Como si fuera un saludo obligatorio, dos palabras preceden a la charla sobre el tema. “Qué horror”, dicen, antes de empaparse de los detalles del crimen. El ser humano siente esa fascinación por las noticias escabrosas. Lo de la radial, al titular, no vaya a ser que en el imaginario colectivo no hubiera suficiente sangre. Los vecinos, en contra de lo que recomiendan todos los manuales sobre violencia machista que acumulan polvo en las estanterías de periódicos y emisoras, opinan que “era un vecino normal”. Lo de siempre. Si lo de la radial da morbo, la historia de que el supuesto asesino dejó a su mujer para irse con otro hombre, ya ni les cuento.
La noticia es terrible, de esas que hacen correr más tinta aún que sangre, ocupando páginas que preferiríamos llenar con olas de calor, fiestas gastronómicas y rifirrafes políticos. Como siempre, los hechos han de ser cogidos con toda la cautela que no siempre mostramos los periodistas: las prisas y, por qué no decirlo, a veces también las malas prácticas, nos llevan a cometer errores que trasladamos luego a quienes nos siguen.
El asesinato de un niño siempre nos conmueve. Lo hizo el de Adrián y Alejandro, los gemelos de Monte Alto; después, el de Asunta y, ahora, el de Candela y Amaia. Cada uno con sus condicionantes, pero todos terribles. El de Moraña, a falta de más datos, parece ser un acto de venganza del padre contra la madre. Como lo fue el crimen contra Ruth y José, los hijos de Bretón.

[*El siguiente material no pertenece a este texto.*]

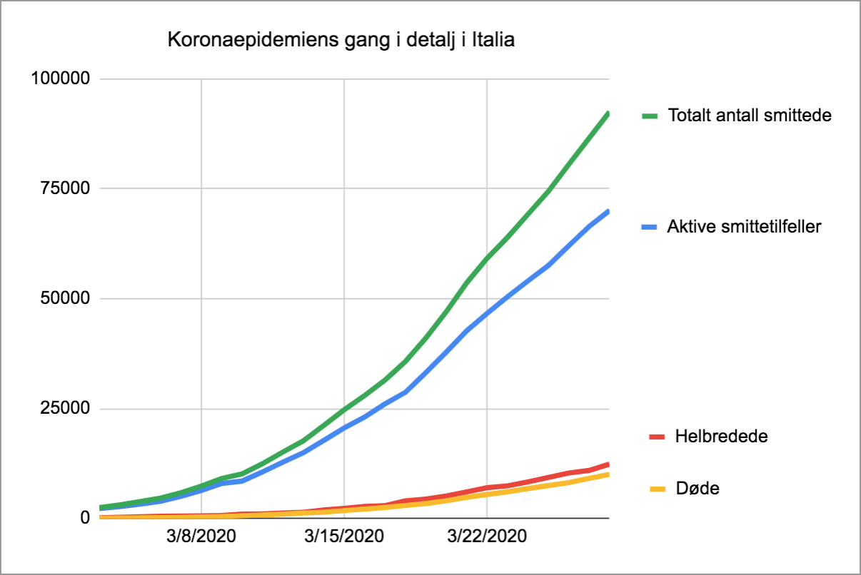 Idet antallet døde i koronaepidemien overstiger 10.000 i Italia, 889 flere siste døgn, og antallet personer som har testet positivt siden starten, nærmer seg 100.000, er det kanskje på tide å gå litt mer detaljert inn i tallene fra Italias helsedepartement, som sivilforsvaret kunngjør oppdateringer av hver ettermiddag.

En los últimos diez años, 26 menores murieron a manos de sus padres, en masculino, durante el régimen de visitas. Niños y niñas que fueron utilizados por la versión de la violencia machista más cruel y refinada, ultrajados doblemente, como víctimas de un asesinato y como instrumentos para trasladar las heridas a sus madres, que es a quienes querían hacer más daño. La mayoría de las veces, no era el primer golpe que recibían, pero sí el más fuerte. El que las mató, aunque sigan vivas.